Your response should contain only the lines running from the top of the data below through the line with "事实上,骁龙 6s Gen", both included. Pictures must be omitted.

*** Data provided ***

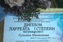 23нче май районның 3нче үзәнчәннәр концерты булып узды. Безнең хезмәттәшебез тәрбияче Миниханова Г.К. 1 дәрәҗәдәге лауреат дипломы белән бүләкләнде.Котлыйбыз!
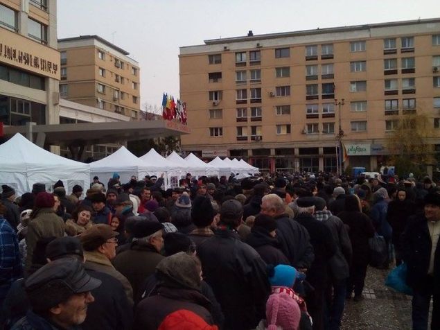 Romanii s-au imbulzit la mancare gratis! Au fost cozi imense la fasole cu carnati
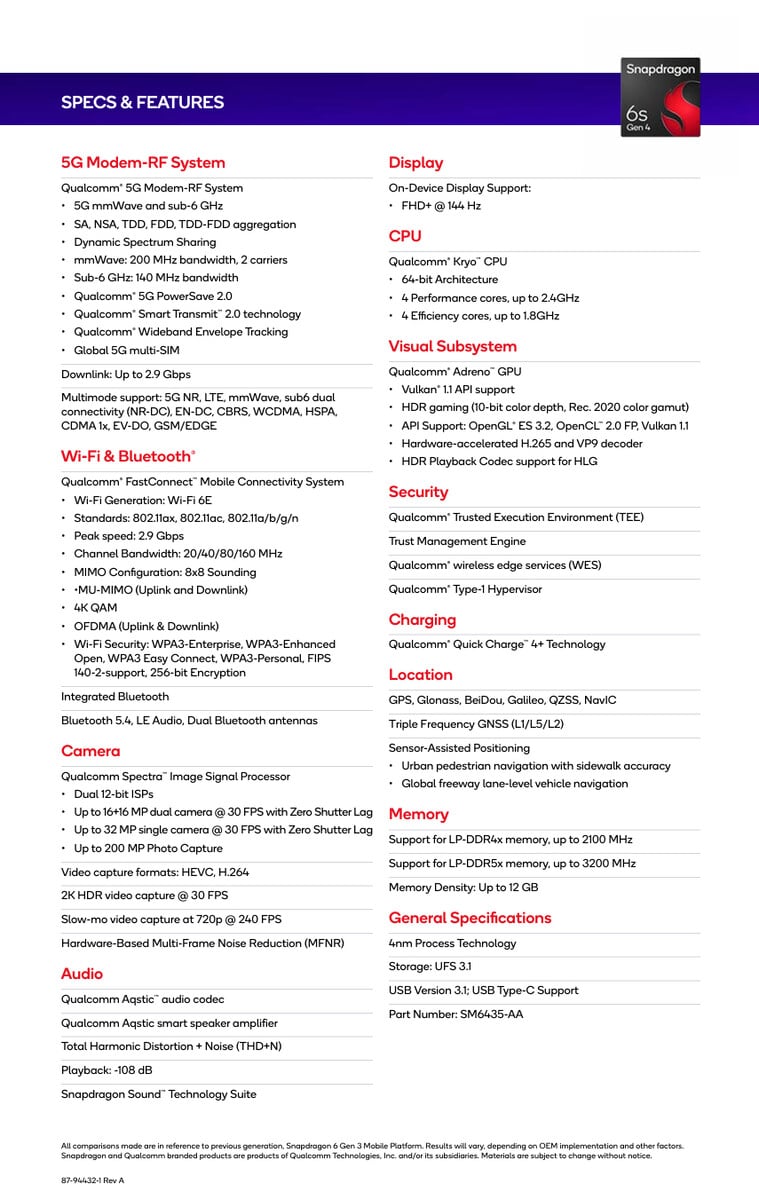 事实上,骁龙 6s Gen 4 的 CPU 布局和时钟速度与 骁龙 6 代 3.尽管如此,前者的频率跃升至 144 Hz,并支持 1080p 显示屏,还提供蓝牙 5.4 连接。更多详情,请参阅下面的高通公司产品简介。
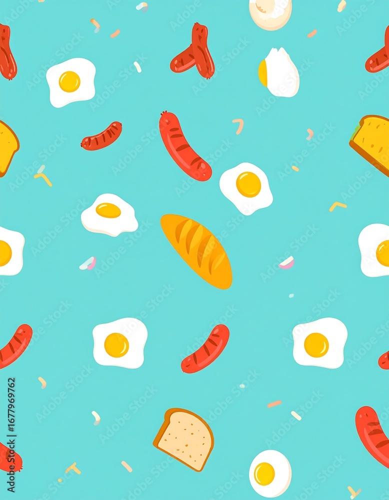 Fiolet - Breakfast food pattern on teal background #1677969762
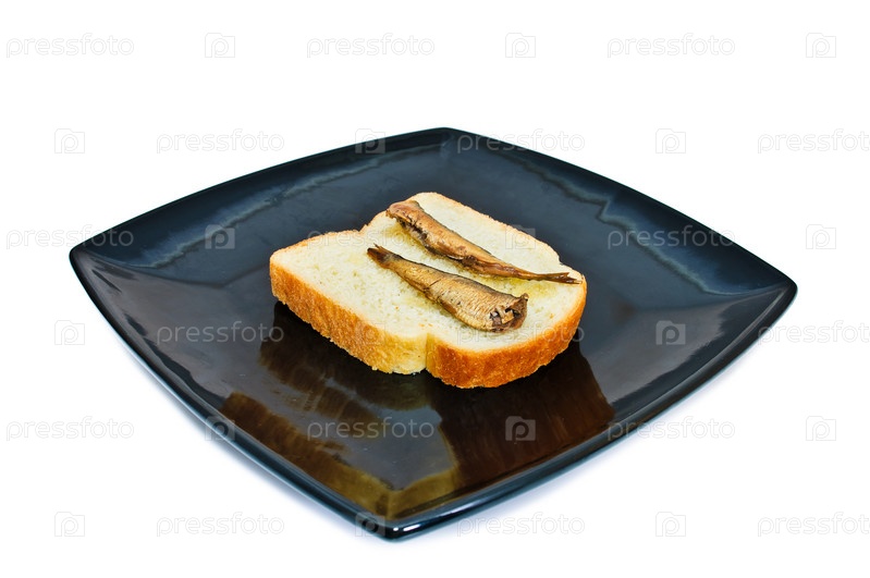 Хлеб со шпротами на черной тарелке. Изолированные на белом фоне
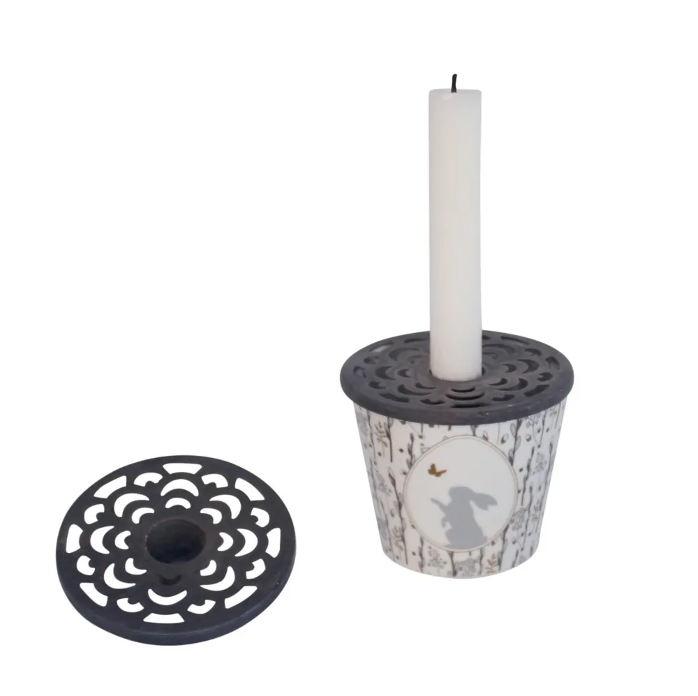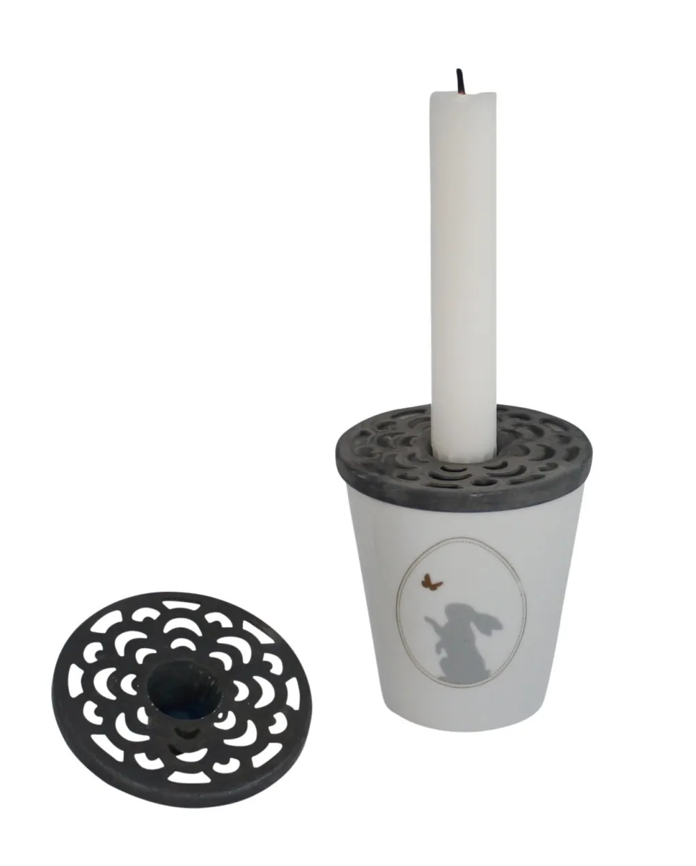 Der Aufsatz wird ohne Porzellan Becher und ohne Kerze geliefert.
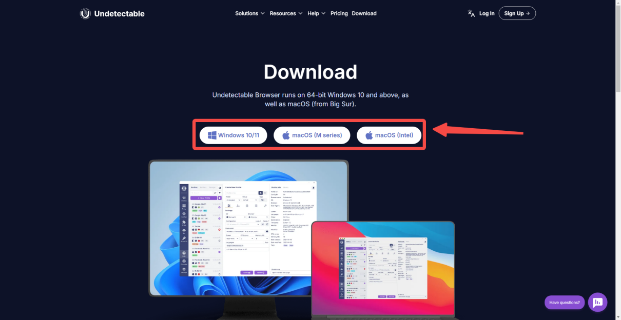 - Visite a página de Undetectable download, clique para selecionar a versão do sistema apropriada e depois faça o download e instale Undetectable.
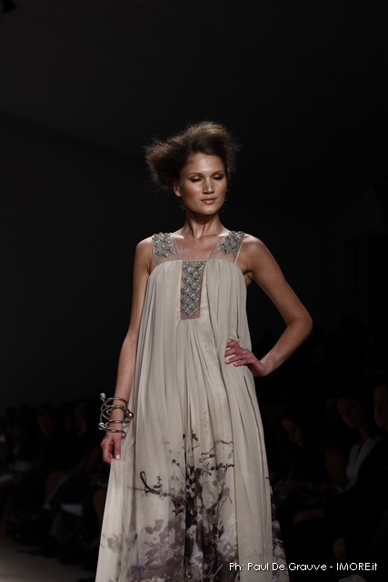 ( da New York ) Terzo giorno della Mercedes Benz Fashion Week ancora sotto la pioggia. Trovare un taxi quando piove e muoversi veloci da tra un lato e l’altro della città è un’impresa anche qui a New York come in qualsiasi altra parte del mondo. Prima sfilata programmata per le dieci e alle 9 e 30 sono ancora sul taxi che fortunosamente sono riuscito a trovare e il mio driver è davvero, diciamo, espansivo (in realta sto pensando logorroico). Ci si potrebbe scrivere un libro sui taxisti newyorkesi. Per fortuna arrivo all’ingresso e , non si sa per quale strano motivo, sono tutti li, fuori, per strada, come quando a scuola si aspettava il suono della campanella per entrare. La ragione è rimasta a tutti sconosciuta ma “bene” penso, “non tutti i mali vengono per nuocere” e il mio ritardo è annullato.
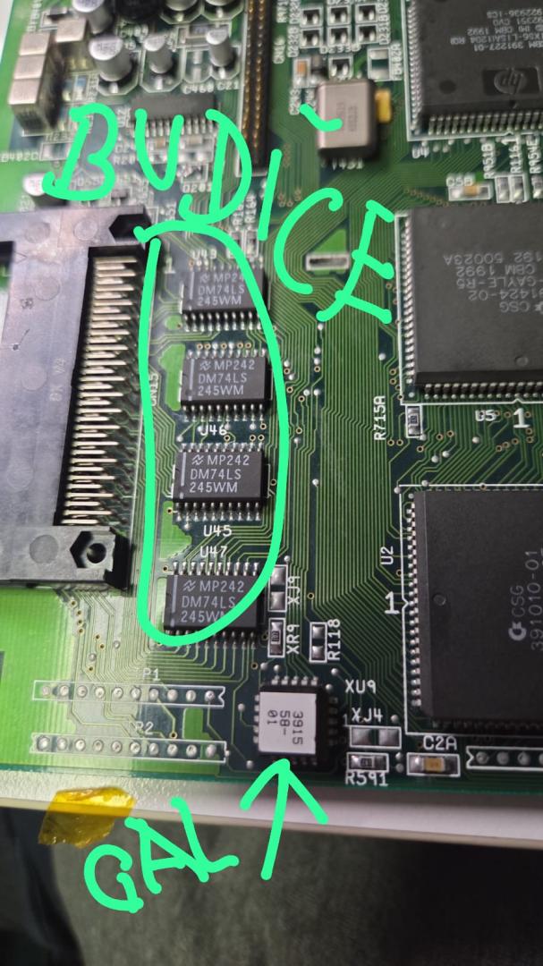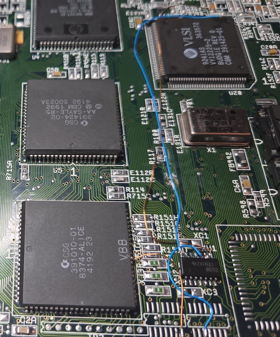 Dva kondenzátory (470uF) jsem vyměnil, protože měli špatnou rozteč. K jednomu jsem přidal pro jistotu smaltovaný drátek a přestříkal to polyuretanovým izolačním lakem. Odsál jsem přebytečný cín. Vyměnil poškozené rezistory R325 a 335. Nicméně to vše vůbec nepomohlo. Po asi 3 minutách se při boot animaci v místě obdélníku animace ukázaly rolující se artefakty a pak se to restartovalo a po pár restartech bylo černo.Vypadalo to, že je něco s Alicí. Také se ohříval hodně GAL vedle Alice, který opravuje chyby časování Alice a přidává wait staty pro ROM a k tomu se ještě ohřívaly budiče sběrnice pro PCMCIA kartu. Když jsem Alici ochladil kompresorem, tak to vydrželo bez chyb, restartů a zaseknutí delší dobu. Hodiny CCK (viz foto z osciloskopu) a CCKQ byly v pohodě, při artefaktech se zvýšily asi o 0.1 V. Zvažoval jsem, že zkusím vzít Alici z jedné Amiga desky co tu mám, ale nechtěl ji již po 2 a po 3 tepelně namáhat.
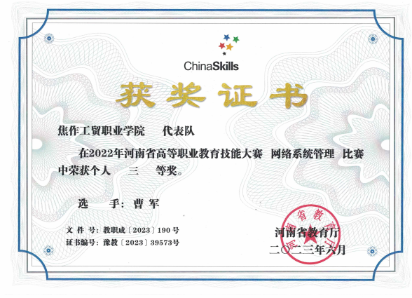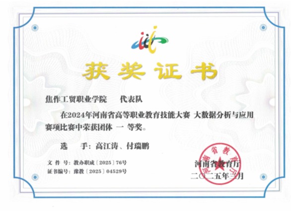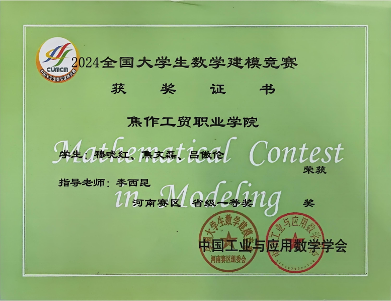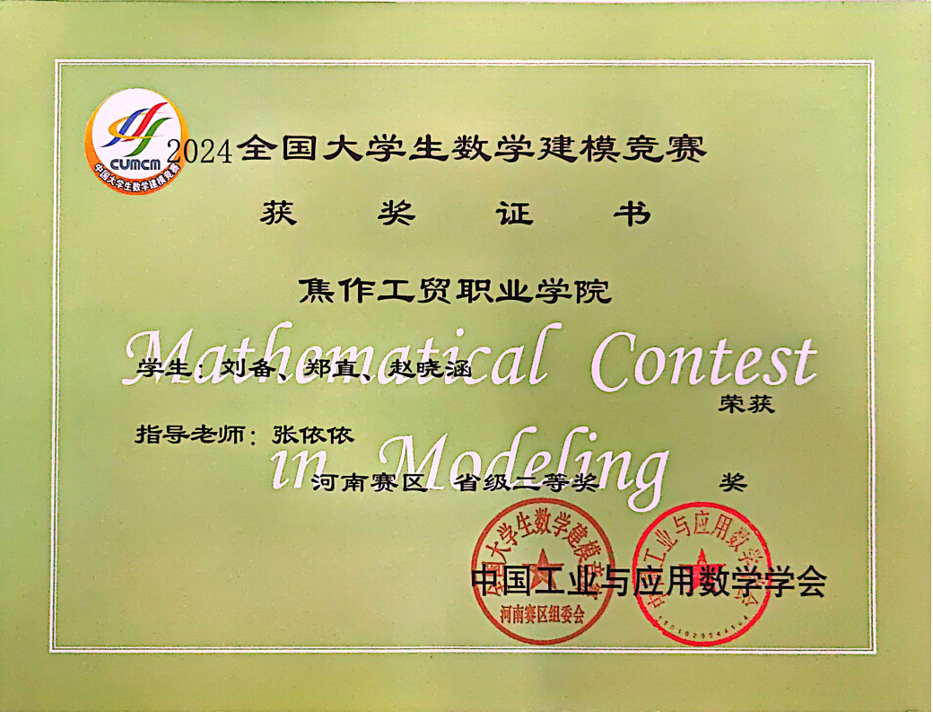 近年来,本专业在各类学科竞赛与专业评比中成绩斐然,斩获了多项重量级荣誉。其中包括国家级竞赛一等奖、二等奖各若干项,省级竞赛一等奖、二等奖及三等奖若干项。具体而言,在河南省高职院校技能大赛、全国数学建模大赛等具有广泛影响力的赛事中,均留下了本专业学子摘金夺银、载誉而归的闪耀足迹。

*** End of Data provided ***

§ Result of the exercise:
 23нче май районның 3нче үзәнчәннәр концерты булып узды. Безнең хезмәттәшебез тәрбияче Миниханова Г.К. 1 дәрәҗәдәге лауреат дипломы белән бүләкләнде.Котлыйбыз!
 Romanii s-au imbulzit la mancare gratis! Au fost cozi imense la fasole cu carnati
 事实上,骁龙 6s Gen 4 的 CPU 布局和时钟速度与 骁龙 6 代 3.尽管如此,前者的频率跃升至 144 Hz,并支持 1080p 显示屏,还提供蓝牙 5.4 连接。更多详情,请参阅下面的高通公司产品简介。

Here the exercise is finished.